Records from a collection:
═══
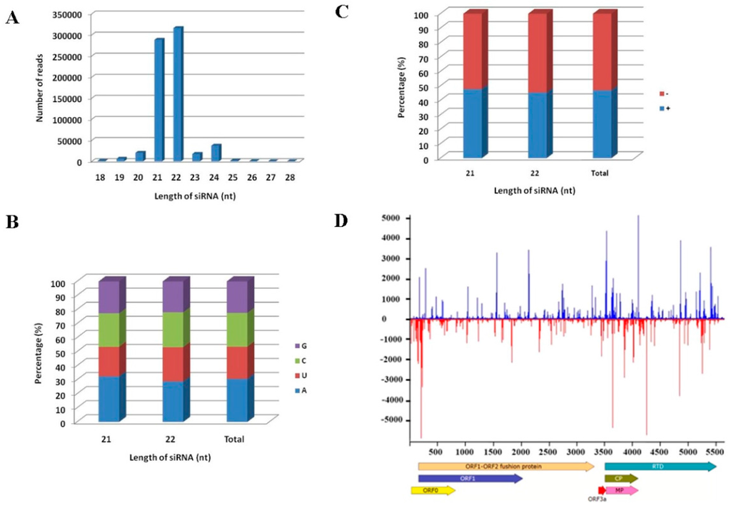 Characterization of the MaYMV vsiRNAs. (A) Size distribution of the vsiRNAs along MaYMV genome; (B) the relative frequency of the four different 5′ terminal nucleotides in vsiRNAs; (C) polarity distribution of vsiRNAs that perfectly matched either plus or minus MaYMV genomic sequence; and (D) distribution profile of the vsiRNAs that revealed multiple hotspots along the MaYMV genome.
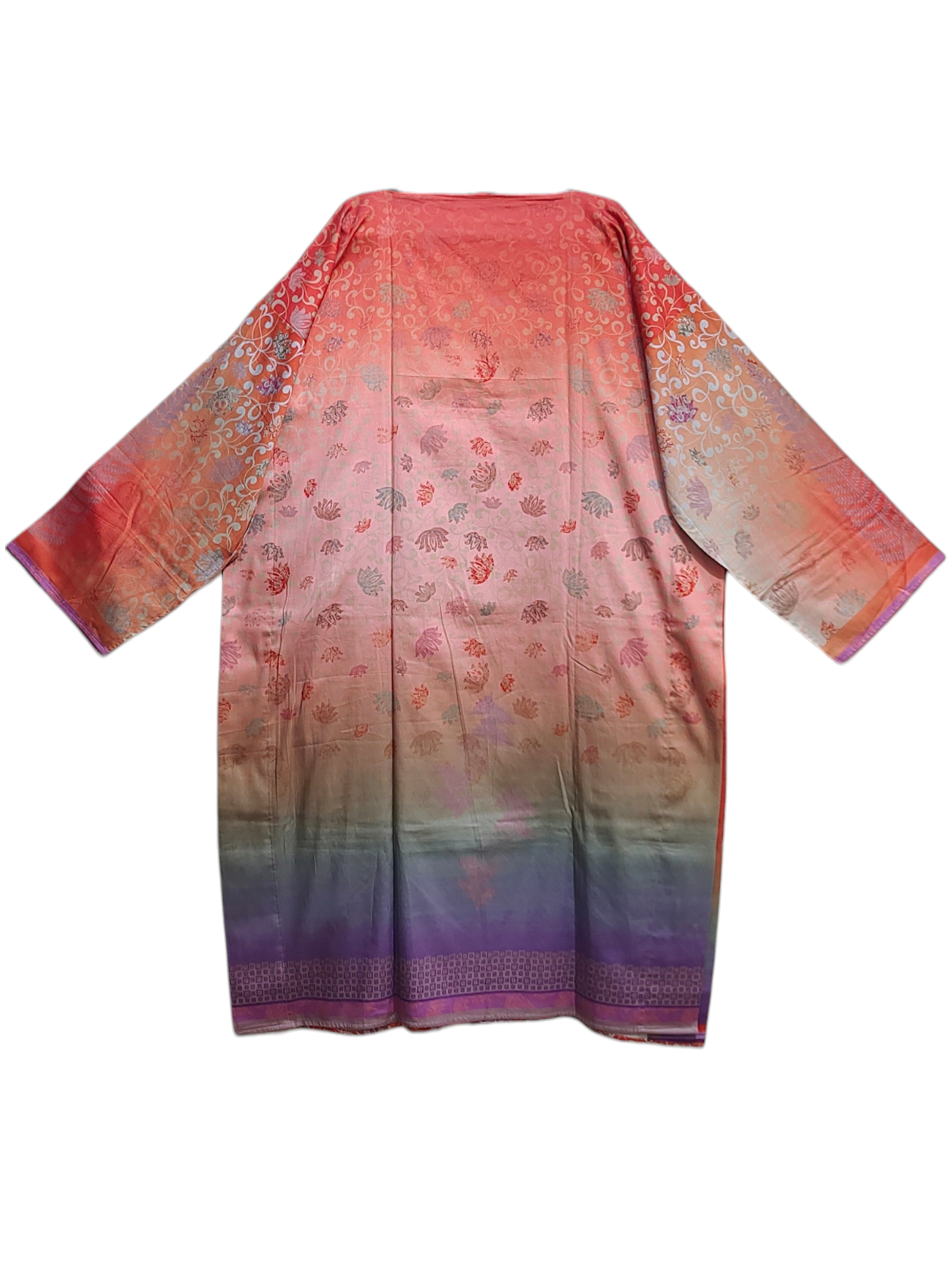 This 3 pc suitset features a mid calf-length silk kurta in ombré shades of coral, blush, and lavender with delicate metallic floral motifs and ornate scrollwork on the sleeves, styled with a sheer dupatta in vivid red and purple gradient featuring embroidered botanical borders and geometric accents
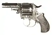 Guiteau conceded that the president would be too strong to kill with a knife, stating, "Garfield would have crushed the life out of me with a single blow of his fist!" He settled on a gun after contemplating what weapon he would use.[28] Guiteau felt that God told him to kill the president; he felt that such an act would be a "removal" as opposed to an assassination. He also felt that Garfield needed to be killed to rid the Republican Party of Blaine's influence.[6] Borrowing $15 from George Maynard, a relative by marriage,[29] Guiteau set out to purchase a revolver. He knew little about firearms, but believed he would need a large-caliber gun.[30] While shopping at O'Meara's store in Washington, he had to choose between a .442 Webley caliber British Bulldog revolver[29] with wooden grips or one with ivory grips.[30] He preferred the one with the ivory handle because he thought it would look better as a museum exhibit after the assassination.[30] Though he could not afford the extra dollar for the ivory grips, the store owner dropped the price for him.[31] He spent the next few weeks in target practice – the recoil from the revolver almost knocked him over the first time he fired it.[32] Guiteau's weapon was recovered after the assassination and given to the Smithsonian, but it has since been lost.[33]
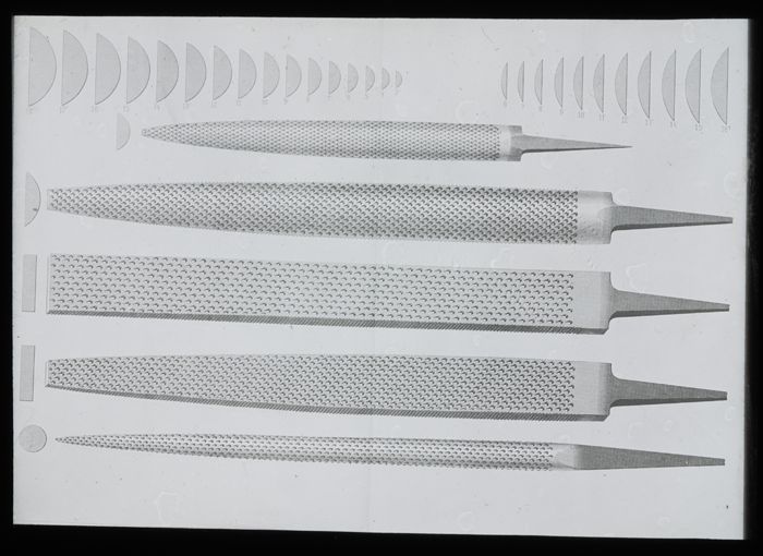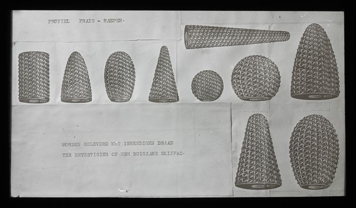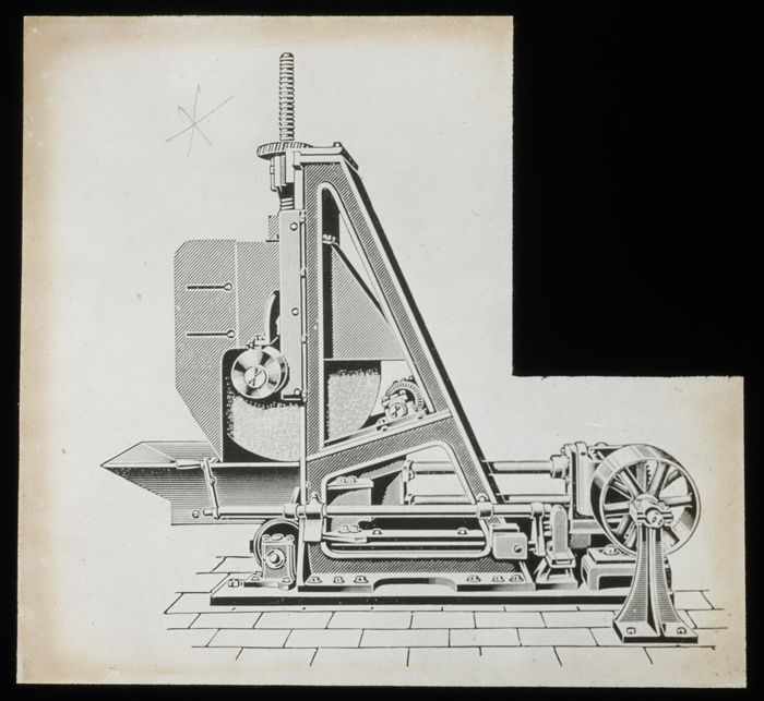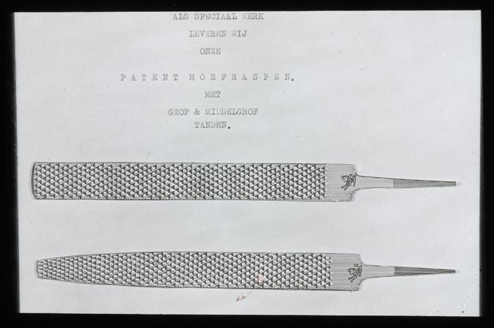 Glasdia "G. Watson" met "35 en 36", raspenkapmachine
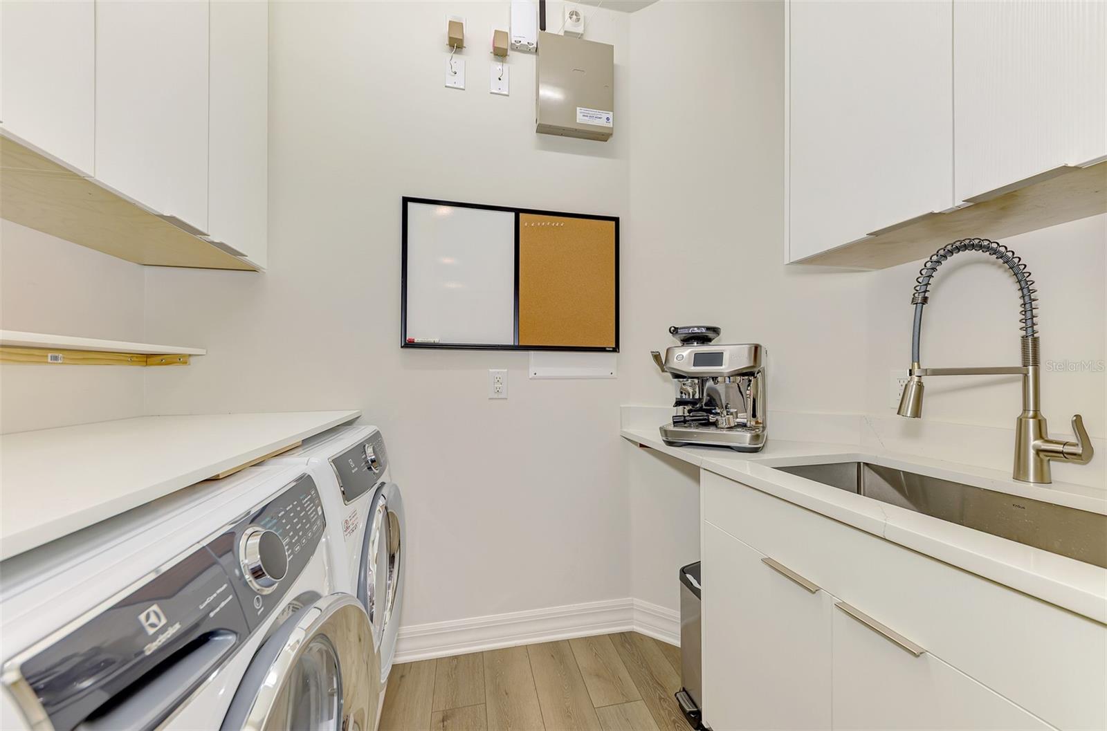 Experience luxury living in this model-like 3BR, 2B home with a den/office and sparkling, heated pool. Light-filled open floor plan with water views flows seamlessly to an outdoor entertaining area. A brand-new roof (October 2025) and high-impact windows (2024) with remote-controlled, high-impact hurricane shades for the sliders adds peace of mind. This home offers a perfect blend of style, comfort & privacy on a cul-de-sac--just 20 minutes from Sarasota's award-winning beaches and 30 minutes to vibrant downtown Sarasota.The designer kitchen embodies elegance with crisp white and gray cabinetry, sleek quartz surfaces, and a large island with seating. Stainless steel appliances, custom tile backsplash, and pendant lighting add a touch of modern flair. The dining nook has a high-end cabinet with pullouts. High 8-foot interior doors. Detailed crown molding adorns the high ceilings enhancing the home's airy, upscale feel. Luxury vinyl plank flooring throughout most of the home.Relax and entertain effortlessly in the light-filled great room that opens to a private pool and screened lanai--your own backyard oasis. The spacious primary suite features a walk-in closet with custom built-ins for optimal organization, including drawers, shelving, and hanging space. The newly remodeled master bathroom -- a luxurious retreat designed for both comfort and style. This elegant space features an enlarged walk-in shower with frameless glass doors, accented by modern tile work and high-end fixtures while updated lighting, two separate vanities and mirrors add a touch of sophistication. Warm, neutral tones and carefully selected finishes tie the space together, creating a serene and inviting atmosphere. The guest bathroom has been remodeled as well. This amazing home features an oversized garage with additional storage space. An abundance of lush Florida landscaping surrounds the home. A preserve area to one side of the home offers additional privacy.The Isles is a maintenance-free community. Socialize & make new friends in The Isles at the many community functions. There are 4 tennis courts, 2 pickle ball courts, 2 bocce courts, basketball court, tot-lot, state of the art fitness center and resort-style swimming pool for your enjoyment. The Isles is close to the world-renowned Siesta Key Beach, fine dining, doctors, golf courses, Legacy Trail and all the cultural venues downtown Sarasota has to provide. The Isles has an active pickleball and tennis community.
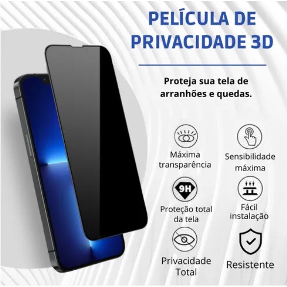 Película De Vidro 3D Privacidade IPhone 16E/16/16 Plus/16 Pro/16 Pro Max/14 /14 pro/14 max /14 pro max Anti Spy Protetor
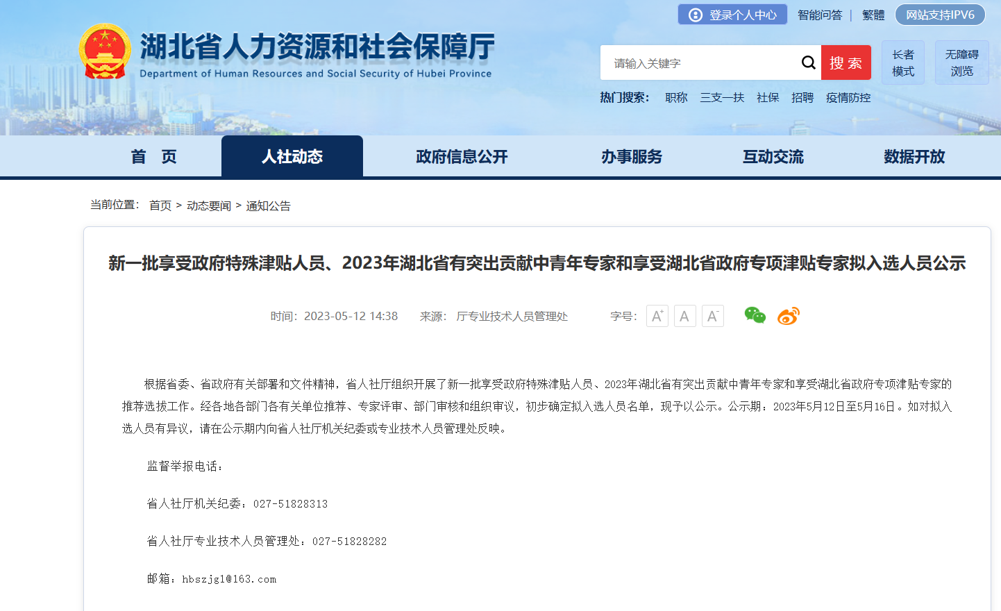 根据省委、省政府有关部署和文件精神,省人社厅组织开展了新一批享受政府特殊津贴人员、2023年湖北省有突出贡献中青年专家和享受湖北省政府专项津贴专家的推荐选拔工作。经各地各部门各有关单位推荐、专家评审、部门审核和组织审议,初步确定拟入选人员名单,现予以公示。公示期:2023年5月12日至5月16日。如对拟入选人员有异议,请在公示期内向省人社厅机关纪委或专业技术人员管理处反映。
═══
What you have to do: Pictures are to be omitted. The lines from the line holding "Película De Vidro" through the closing line of the data above are to be set down exactly, and nothing more.

Response area:
 Película De Vidro 3D Privacidade IPhone 16E/16/16 Plus/16 Pro/16 Pro Max/14 /14 pro/14 max /14 pro max Anti Spy Protetor
 根据省委、省政府有关部署和文件精神,省人社厅组织开展了新一批享受政府特殊津贴人员、2023年湖北省有突出贡献中青年专家和享受湖北省政府专项津贴专家的推荐选拔工作。经各地各部门各有关单位推荐、专家评审、部门审核和组织审议,初步确定拟入选人员名单,现予以公示。公示期:2023年5月12日至5月16日。如对拟入选人员有异议,请在公示期内向省人社厅机关纪委或专业技术人员管理处反映。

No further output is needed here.